One hand still tangled the front of her tshirt, but she’d already forgotten why it had seemed necessary only moments before. Instead Thalia rubbed idly where she’d accidentally pinched the skin, and reached for the paper offered. If she seemed bewildered to have discovered company beyond her self-imposed bathroom prison, she did not seem remotely perturbed by the state she knew she must present to their scrutiny -- which she imagined to be somewhat like the mangy stray cat you feel sorry enough for to bring in from the cold, only to puzzle at what you’re supposed to do with it afterwards. 

The throbbing in her head was not an insignificant amount of pain, enough to make her squint a little to focus, but for such a small creature she had a surprising threshold for it. Particularly when her mind was caught on something. Her brows lifted. “Tuuru,” she said. Which, of all the things she might have been immediately presented with was so far down the (these days) quite bizarre list it was disorienting. The plant creature sent tiny rippling shivers up her arm, for a reason she could not quite discern. She remembered the small green shoot growing stubbornly through the wall in the city. How she’d paused despite the jostling of the busy crowds around her. It made her think of Noctua. But if her thoughts reached for an epiphany, they did not find it.
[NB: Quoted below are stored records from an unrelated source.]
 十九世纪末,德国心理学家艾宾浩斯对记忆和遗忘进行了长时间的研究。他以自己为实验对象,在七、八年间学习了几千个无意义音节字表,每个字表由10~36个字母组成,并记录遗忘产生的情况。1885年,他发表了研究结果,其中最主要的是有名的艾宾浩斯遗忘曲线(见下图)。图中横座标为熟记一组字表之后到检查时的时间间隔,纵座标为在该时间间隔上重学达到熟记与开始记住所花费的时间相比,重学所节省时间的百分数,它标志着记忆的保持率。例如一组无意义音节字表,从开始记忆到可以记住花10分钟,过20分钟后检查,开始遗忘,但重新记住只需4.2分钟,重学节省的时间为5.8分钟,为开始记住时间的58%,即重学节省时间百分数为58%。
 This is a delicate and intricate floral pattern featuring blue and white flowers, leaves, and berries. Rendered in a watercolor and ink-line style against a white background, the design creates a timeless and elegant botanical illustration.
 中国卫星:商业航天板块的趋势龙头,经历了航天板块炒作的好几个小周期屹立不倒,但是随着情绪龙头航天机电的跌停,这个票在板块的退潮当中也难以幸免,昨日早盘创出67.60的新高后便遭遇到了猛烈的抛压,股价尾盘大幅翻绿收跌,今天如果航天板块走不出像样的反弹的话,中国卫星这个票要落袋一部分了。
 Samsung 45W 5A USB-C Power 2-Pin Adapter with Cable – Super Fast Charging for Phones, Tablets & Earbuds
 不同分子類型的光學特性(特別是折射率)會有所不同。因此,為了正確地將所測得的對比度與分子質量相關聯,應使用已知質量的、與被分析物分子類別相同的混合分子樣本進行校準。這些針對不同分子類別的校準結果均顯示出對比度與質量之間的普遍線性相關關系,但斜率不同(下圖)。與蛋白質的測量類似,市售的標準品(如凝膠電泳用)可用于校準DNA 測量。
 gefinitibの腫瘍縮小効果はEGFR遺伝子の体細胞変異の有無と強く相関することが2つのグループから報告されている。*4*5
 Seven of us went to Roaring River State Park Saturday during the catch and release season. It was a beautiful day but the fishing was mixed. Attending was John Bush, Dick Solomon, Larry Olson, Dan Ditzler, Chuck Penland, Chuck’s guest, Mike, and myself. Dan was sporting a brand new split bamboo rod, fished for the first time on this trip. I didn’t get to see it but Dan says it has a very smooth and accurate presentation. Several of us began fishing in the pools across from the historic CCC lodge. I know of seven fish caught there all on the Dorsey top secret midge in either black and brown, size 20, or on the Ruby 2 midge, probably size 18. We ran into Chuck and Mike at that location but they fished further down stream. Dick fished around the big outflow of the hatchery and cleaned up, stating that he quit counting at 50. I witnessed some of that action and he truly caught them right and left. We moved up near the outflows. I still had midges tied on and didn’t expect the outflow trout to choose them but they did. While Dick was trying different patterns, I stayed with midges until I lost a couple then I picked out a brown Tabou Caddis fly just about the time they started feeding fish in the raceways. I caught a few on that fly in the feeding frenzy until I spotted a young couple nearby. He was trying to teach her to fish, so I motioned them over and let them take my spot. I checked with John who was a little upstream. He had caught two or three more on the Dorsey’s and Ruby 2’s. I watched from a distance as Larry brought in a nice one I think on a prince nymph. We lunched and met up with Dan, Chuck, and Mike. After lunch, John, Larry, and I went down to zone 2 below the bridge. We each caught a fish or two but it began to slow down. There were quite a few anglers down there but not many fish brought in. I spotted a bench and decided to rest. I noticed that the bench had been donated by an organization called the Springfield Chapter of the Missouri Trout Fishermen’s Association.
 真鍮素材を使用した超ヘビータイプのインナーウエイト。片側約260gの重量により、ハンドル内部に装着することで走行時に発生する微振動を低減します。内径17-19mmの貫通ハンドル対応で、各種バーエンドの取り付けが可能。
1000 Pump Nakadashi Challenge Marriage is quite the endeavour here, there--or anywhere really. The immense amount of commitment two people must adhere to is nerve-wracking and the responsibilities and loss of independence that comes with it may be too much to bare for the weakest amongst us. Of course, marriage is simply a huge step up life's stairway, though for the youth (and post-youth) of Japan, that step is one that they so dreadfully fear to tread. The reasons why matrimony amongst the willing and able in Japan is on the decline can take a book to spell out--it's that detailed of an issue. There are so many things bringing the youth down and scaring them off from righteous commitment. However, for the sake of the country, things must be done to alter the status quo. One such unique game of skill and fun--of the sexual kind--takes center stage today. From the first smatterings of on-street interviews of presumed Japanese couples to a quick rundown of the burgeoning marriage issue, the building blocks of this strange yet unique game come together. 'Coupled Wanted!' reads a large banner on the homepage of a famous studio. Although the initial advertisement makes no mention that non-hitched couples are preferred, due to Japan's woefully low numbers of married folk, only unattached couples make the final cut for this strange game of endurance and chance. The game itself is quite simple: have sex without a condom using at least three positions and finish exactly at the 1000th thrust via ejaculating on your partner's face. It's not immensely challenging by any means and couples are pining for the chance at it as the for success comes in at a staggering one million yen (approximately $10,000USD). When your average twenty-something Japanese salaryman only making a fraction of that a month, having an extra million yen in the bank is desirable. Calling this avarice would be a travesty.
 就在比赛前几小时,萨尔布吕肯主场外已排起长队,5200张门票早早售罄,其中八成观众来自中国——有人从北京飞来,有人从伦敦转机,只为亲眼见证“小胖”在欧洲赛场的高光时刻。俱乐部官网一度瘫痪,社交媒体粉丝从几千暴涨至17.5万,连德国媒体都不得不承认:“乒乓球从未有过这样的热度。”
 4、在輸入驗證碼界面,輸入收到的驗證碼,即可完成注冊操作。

She didn’t answer about whether she was alright, still apparently considering her own drawing. The short answer was quite emphatically no, but all the heavy feelings swelling and cresting inside were not burdens she would lay down on a stranger. In any case, the longer and more complex answer was yes, she would be, and it seemed an acceptable shortcut to say nothing. Her stomach growled in lieu of articulate words anyway. A loan of dry clothes also sounded heavenly, although the woman was tall and willowy in a way that made Thalia feel a comparatively squat goblin. She gave an unguarded smile.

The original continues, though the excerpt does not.